EUROFER
A report by former ECB President Mario Draghi has thoroughly identified the bottlenecks that hinder the decarbonisation and competitiveness of EU industry, the European Steel Association (EUROFER) said.
The proposed recommendations for energy-intensive industries, including energy, trade, carbon leakage, financing and leading markets, should be integrated into the future Clean Industry Agreement and implemented without delay through concrete measures, EUROFER said in a statement.
‘The lack of a business case in Europe for the steel industry and its value chains, which are critical not only for innovation, decarbonisation and high quality jobs, but for the entire EU economy, must be addressed immediately with concrete measures,’ said Axel Eggert, Director General of EUROFER.
Eggert believes that it is time for the European Steel Pact, a set of measures for the steel industry, to become part of the wider clean industry deal announced by the President of the European Commission.
The EBA notes that Draghi’s report recognises a number of issues that have been repeatedly highlighted by European steelmakers.
In particular, it is argued that the gradual removal of free allowances and the replacement of the current ETS with a cross-border carbon adjustment mechanism (CBAM) entail high risks of delocalisation. Additional measures are needed to make CBAM effective before it is launched, as well as careful monitoring to avoid circumvention and reallocation of resources, decisions on exports from the EU, and the extension of CBAM to downstream sectors.
It also says that despite the growing share of renewables in the energy system, households and businesses are not yet benefiting from low energy prices that would create a competitive advantage for EU industry compared to the US and China. The European steel industry is looking forward to urgent measures that will lead to this goal in the short term.

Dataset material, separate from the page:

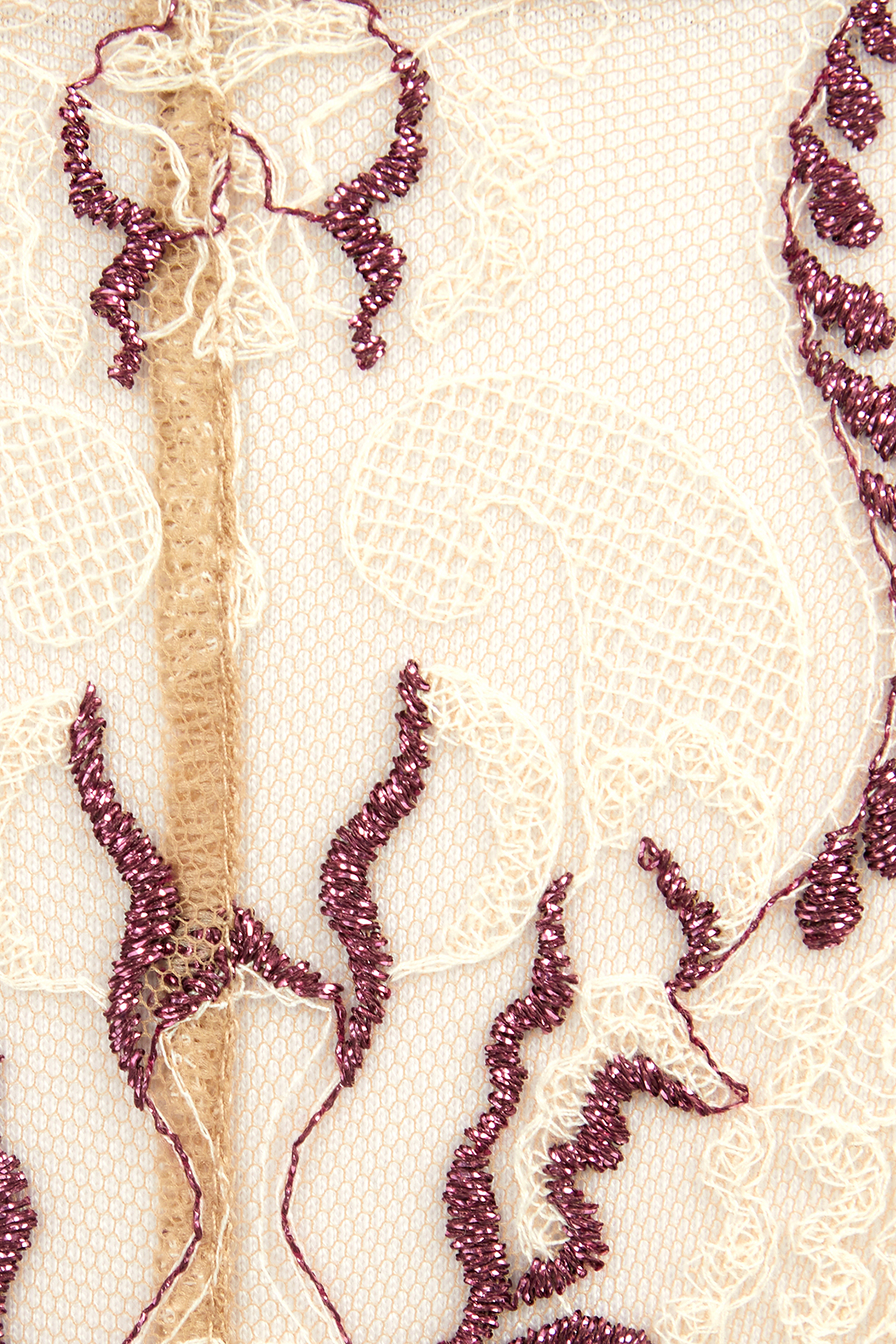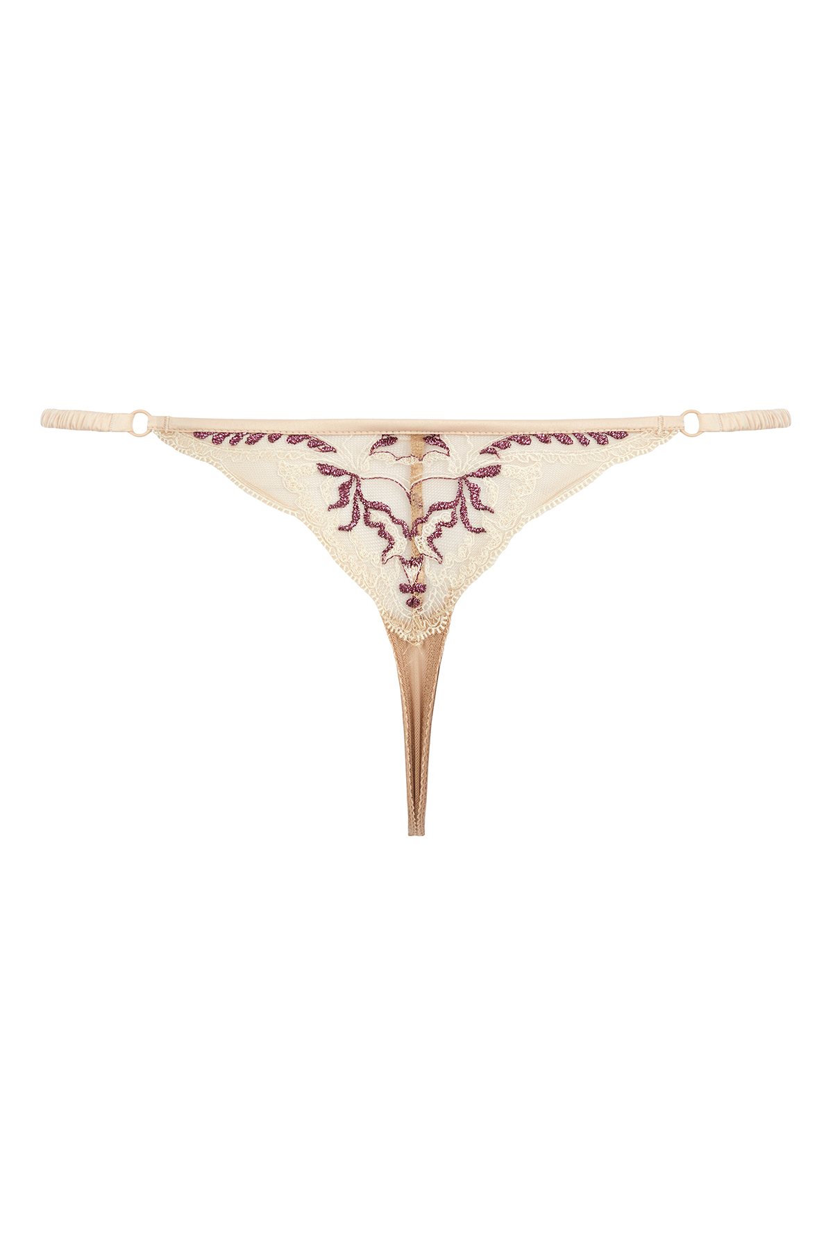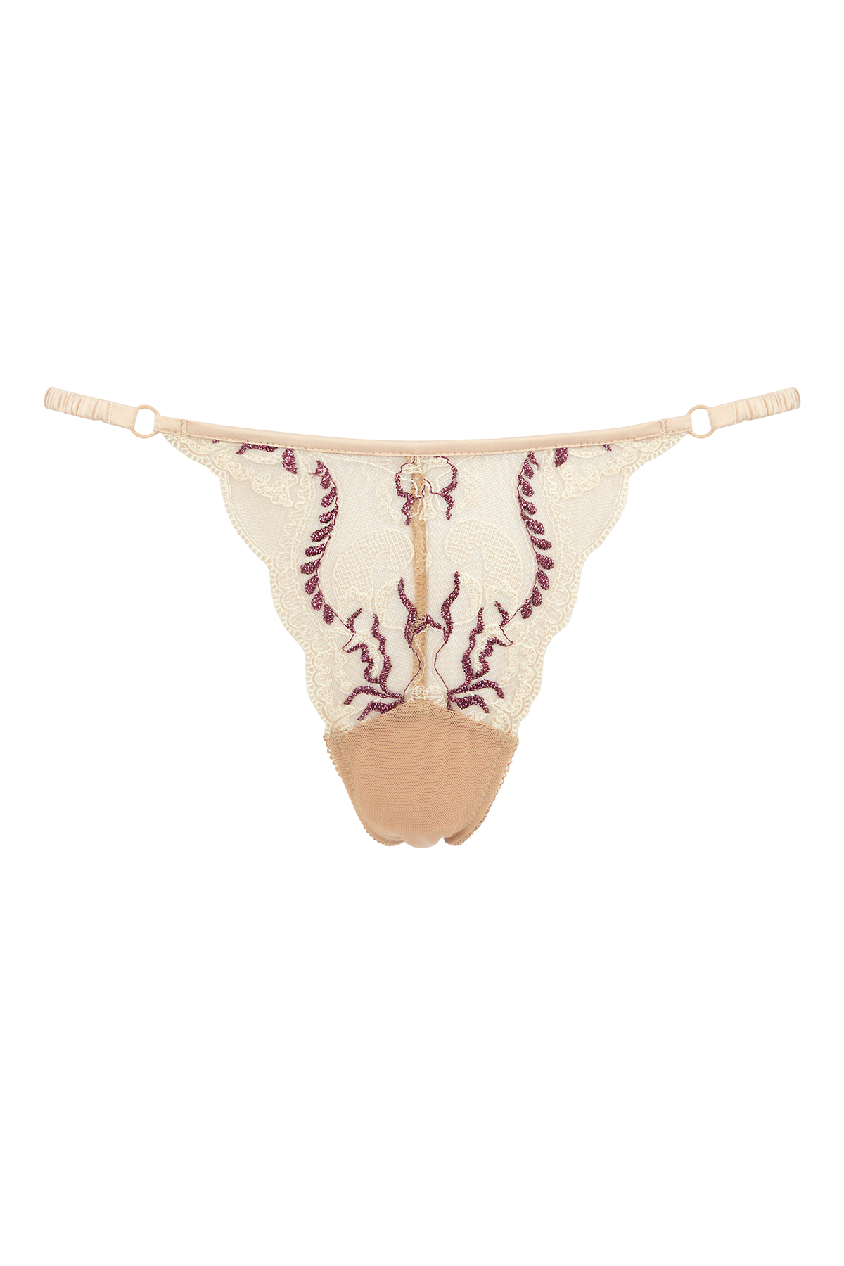 Пикантная модель трусиков стринг в нежном цвете обжаренного миндаля выполнена из тонкой сетки с кружевной флористической вышивкой Havana’s (Франция) с фестончатым краем и элементами контрастной люрексной нити. Легкий цветочный орнамент в светлой нитке, оживлен нежными мотивами цвета бордо с легким блеском. Удобная посадка и мягкое облегание на тонких резинках, продетых в маленькие колечки и декорированных золотым атласным полотном со сборками, позволит чувствовать себя уверенно и соблазнительно. Дополните повседневный образ бюстом moon-half, а комплект для особых случаев завершит пояс из этой линейки.

The Association also raises the issue of financial incentives and resources for the industrial transition. The EU’s Innovation Fund alone is not enough, and only a portion of ETS revenues is currently being invested in decarbonising energy-intensive sectors such as steel. EUROFER, in particular, believes that support should be provided for both capital and operating costs through the earmarking of ETS allowances. The hydrogen bank and carbon contracts for difference should also be used to support the transition.
The recommendations also include the introduction of a minimum quota for public procurement and auctions for environmentally friendly technology products and locally produced components. As noted, clean steel produced in the EU is a key material for ensuring the sustainability of cleantech value chains.
In terms of trade policy, the EU must maintain the ability to respond quickly to market distortions while working on structural solutions.
As GMK Center reported earlier, EUROFER believes that the Clean Industrial Deal, including rapid and radical measures in the EU’s industrial, energy and trade policies, is the last chance to protect European industry from cheap imports.